Sprawa posła Dąbala.
Wczorajsza rozprawa przeciwko p. Dąbalowi rozpoczęła się o godz. 10 min. 15 . Przed rozpoczęciem rozprawy omawiano na sali żywo wczorajszy wiec komunistyczny, urządzony przez posła Łańsuckiego. Sąd przystępuje do dalszego przesłuchania świadków. Sw. Gruncewicz potwierdza okoliczności obciążające p. Dąbala, a przytoczone przez wczorajszych świadków. Powołany przez obronę św. Sudoł oświadcza, iż zna oskarżonego z czasów, gdy należał do stronnictwa P.S.L.- Piast. Na pytanie prokuratora, czy był na wiecach w pow. tarnobrzeskim, na którym rzucano hasła o bezpłatnem wywłaszczaniu ziemi, odpowiada świadek: – Ja przecież nie jestem oskarżony, ja nie rzucałem takich haseł.

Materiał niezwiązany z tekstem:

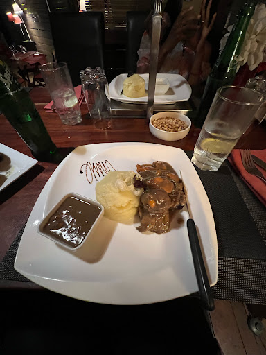 I went to the restaurant at night and it was a nice little vibe with live singers. I ordered rice, fries, steak with creamy garlic mushroom sauce. I ordered a well done steak but it still had runny blood which really disgusted me. Other than that my meal was delicious. My boyfriend ordered poulet yassa but he found it nasty. Also, by reading the reviews on here and Tripadvisor there’s one thing that’s been said in common, the service is slow. They served the complementary bread 30/40 minutes after our arrival and then our food came 30 minutes after that. They took forever to bring the bill too. The waiter was polite and helped with suggestions and also clarified certain things on the menu. It was a cool...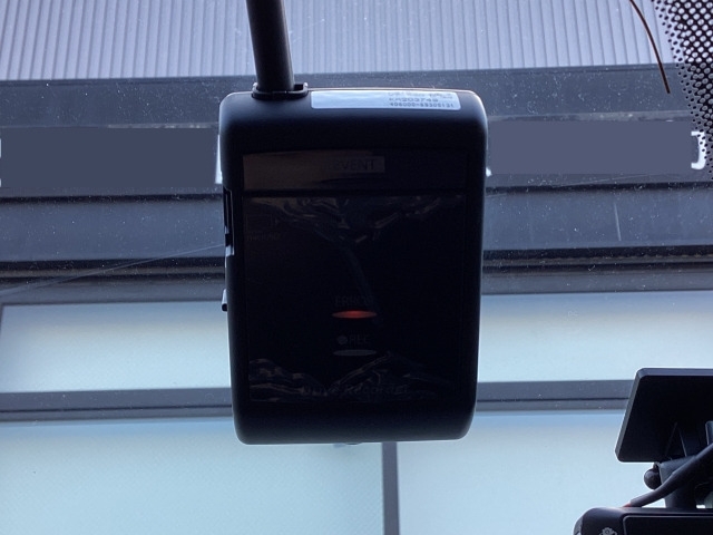 フロント側ドライブレコーダー。運転中の映像・音声などを記録して、交通事故やトラブルが起きた時の正確な状況把握に役立つドライブレコーダーが装着されています。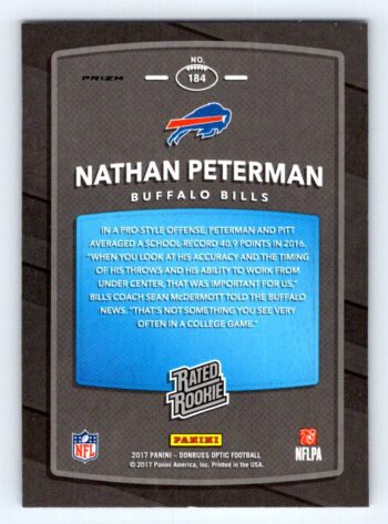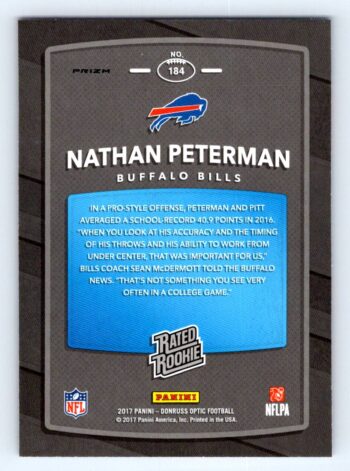 Nathan Peterman RC Silver Prizm Donruss Optic Rated Rookie
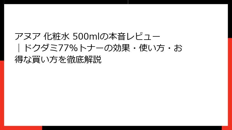 これらのポイントから、Anuaのブランド力がアヌア 化粧水 500mlの人気を支えていることがわかります。
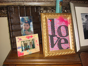 I'm a big fan of my new love frame. If you missed this post, see it here. In addition to the frame, I have my favorite picture of my nephew wearing mickey ears and a little frame my daughter and her BFF made this month.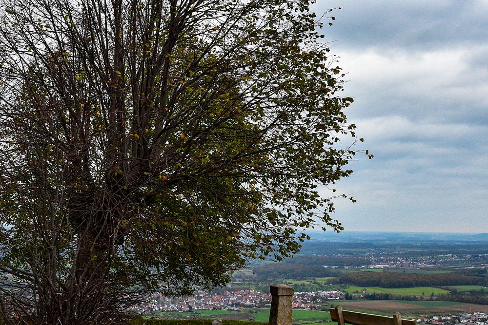 des arbres dénudés, des nuages bas, mordant sur la Teck. Une vue d'automne.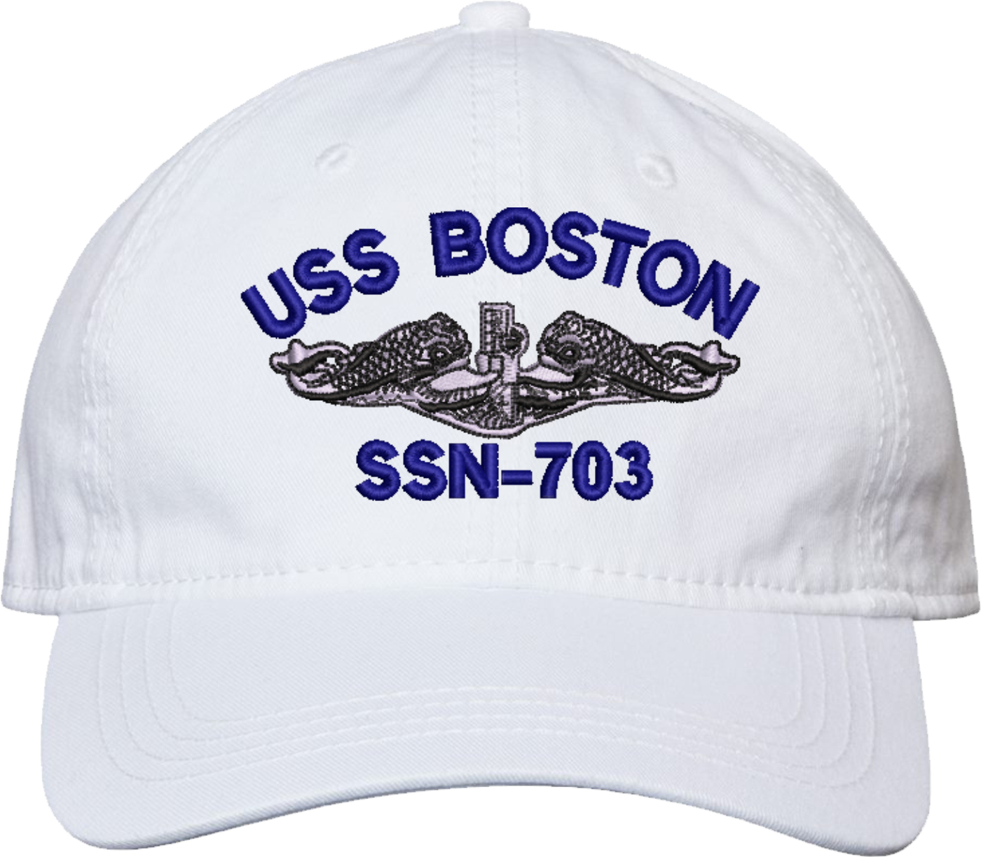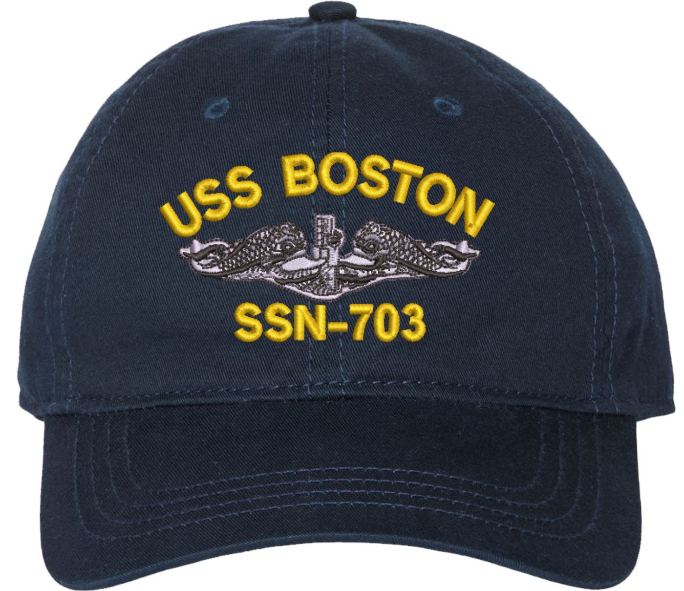 Show your Navy pride with this USS Boston SSN-703 with Dolphins Unstructured Dad Cap from MilitaryBest. Crafted from 100% washed chino twill cotton, this six-panel, low-profile cap offers a relaxed and comfortable fit. Featuring high-quality embroidery done in our Scottsboro, Alabama facility, this cap is designed with a pre-curved visor and an adjustable tri-glide buckle closure for a perfect fit. Whether for everyday wear or as a meaningful gift, this cap is a great way to honor your own or a loved one's service.For caps ordered with custom embroidered personalized text please allow an additional 3 to 5 days production time. All custom back text will be embroidered in ALL CAPITAL LETTERS. Caps with back text or eggs are non-returnable unless there is a material defect in the cap.

Byłem wprawdzie w partii Okonia, ale później z niej wystąpiłem. Następny św. Grzybowski , zapytany przez prokuratora czy słyszał, że p. Dąbal po upadku Austrji wstąpił do żandarmerji ? odpowiada: – Słyszałem.
Prokurator: Proszę powołać na świadka p. Witosa , który badał sprawę na miejscu. P. Witos będzie mógł oświadczyć, w jaki sposób p. Dąbal przeszedł od żandarmerji do komunizmu. Obrona sprzeciwia się temu wnioskowi, a p. Dąbal w przewlekłym oświadczeniu stara się przedstawić, w jaki sposób został żandarmem. Przewodniczący przerywając: To jest zbyteczne. W oczach sądu żandarm jest obrońcą porządku społecznego. P. Dąbal: Ja obstaję przy swoim wniosku. Z ramienia gen. Roji byłem istotnie kilka dni dowódcą żandarmerji . W jaki sposób doszedłem z żandarmerji do komunizmu, to jest już moja rzecz a nie prokuratora. Na tem zarządza przewodniczący przerwę. Wyrok zapadnie dzisiaj.